An Ethnic Cleansing Campaign

Over 5,000 Armenians were killed and more than 100,000 Armenians were displaced from their homes in Artsakh during the Second Artsakh War. Even after a ceasefire was signed on November 9, 2020, Azeri troops continued to violate the terms of the agreement, killing 3 Armenian soldiers and wounding 14 more as recently as March 2022. The Azeri government’s purpose in perpetrating this tragedy was no secret. Neither was the Turkish government’s goal in providing its unwavering support. In a May 2022 video interview with Ilham Aliyev, the President of Azerbaijan, posted on his official website, he declares, “Our primary duty was to expel the Armenians from our lands, and our children … succeeded in doing that.” All of the lives lost and the countless people who were forced to flee their homes were cause for celebration for President Aliyev. His view is that the unspeakable suffering of the Armenian people is proof of his success, a trophy in his quest for ethnic cleansing.

“Our primary duty was to expel the Armenians from our lands, and our children … succeeded in doing that.”

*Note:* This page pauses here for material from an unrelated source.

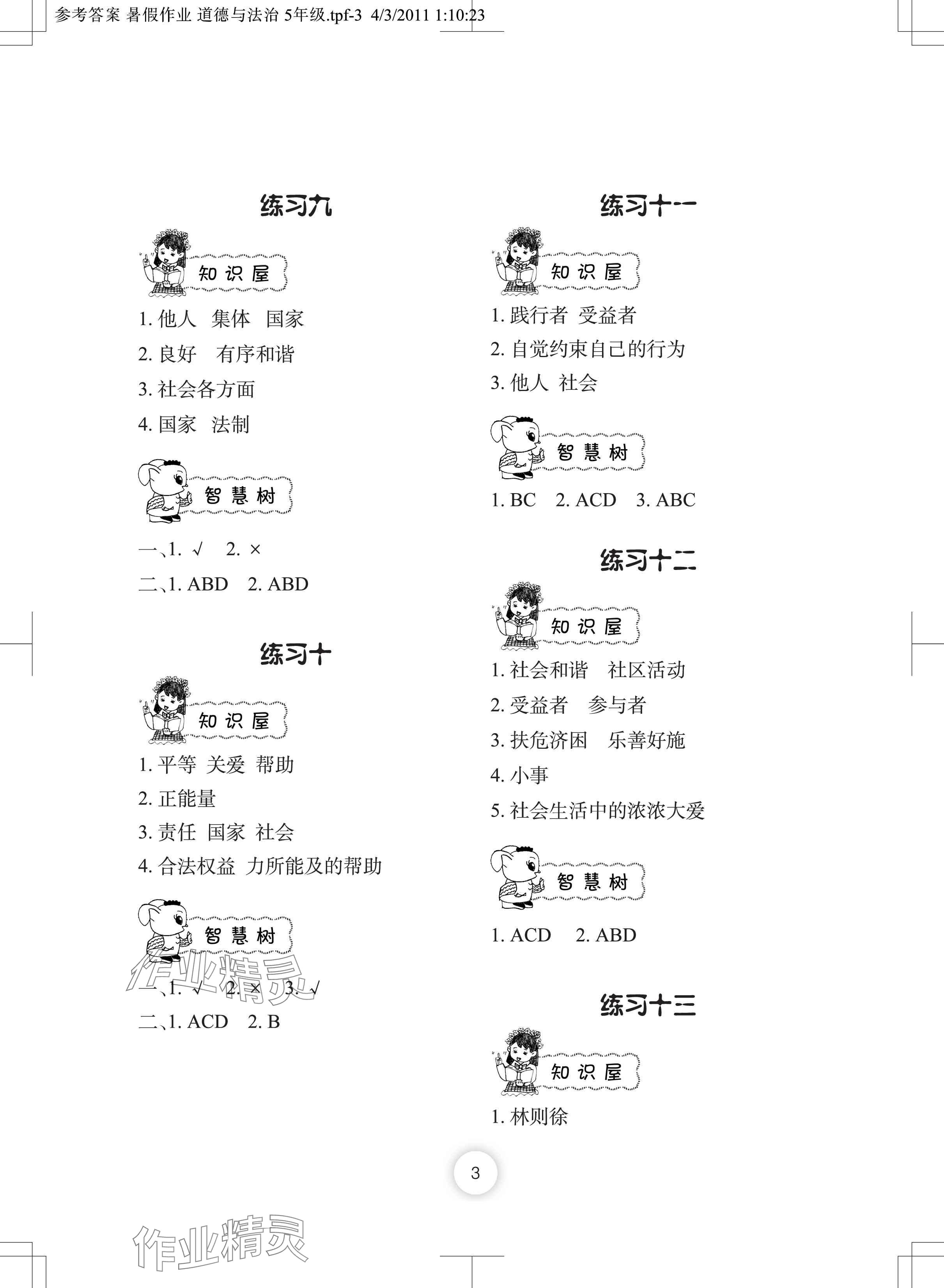 2024年暑假作业长江少年儿童出版社五年级道德与法治人教版

Indeed, President Aliyev opened a Military Trophy Park in Baku, Azerbaijan’s capital city, in April 2021. He was photographed parading through the exhibit, which proudly displayed the helmets of Armenian soldiers killed during the Second Artsakh War alongside “cartoonish-like mannequins” of Armenian soldiers. These dehumanizing caricatures were sculpted with the intention to portray Armenian soldiers as “ugly and cowardly,” with distorted features such as crooked noses and abnormal skull shapes. Following the public opening of the exhibit, images circulated in the Azerbaijani media of people bringing their children to pretend to kill Armenians there. The Military Trophy Park was deemed “highly disturbing and humiliating” by the Council of Europe Commissioner for Human Rights. The European Parliament described it as “a glorification of violence [that] risks inciting further hostile sentiment, hate speech or even inhumane treatment of remaining POWs and other Armenian captive civilians, thereby perpetuating the atmosphere of hatred and contradicting any official statements on reconciliation.”

Aliyev has left no doubt about what his next plans are. Just a few years ago, he proclaimed, “Yerevan [the capital city of Armenia] is our historic land and we, Azerbaijanis, must return to these Azerbaijani lands … This is our political and strategic goal.” Likeminded Recep Erdogan, the President of Turkey, declared just two months before the start of the Second Artsakh War, “We will continue to fulfill this mission which our grandfathers have carried out for centuries in the Caucasus region.” His historical reference is likely the Armenian Genocide, a massacre led by the Ottoman Empire that systematically exterminated 1.5 million Armenians in the years surrounding 1915.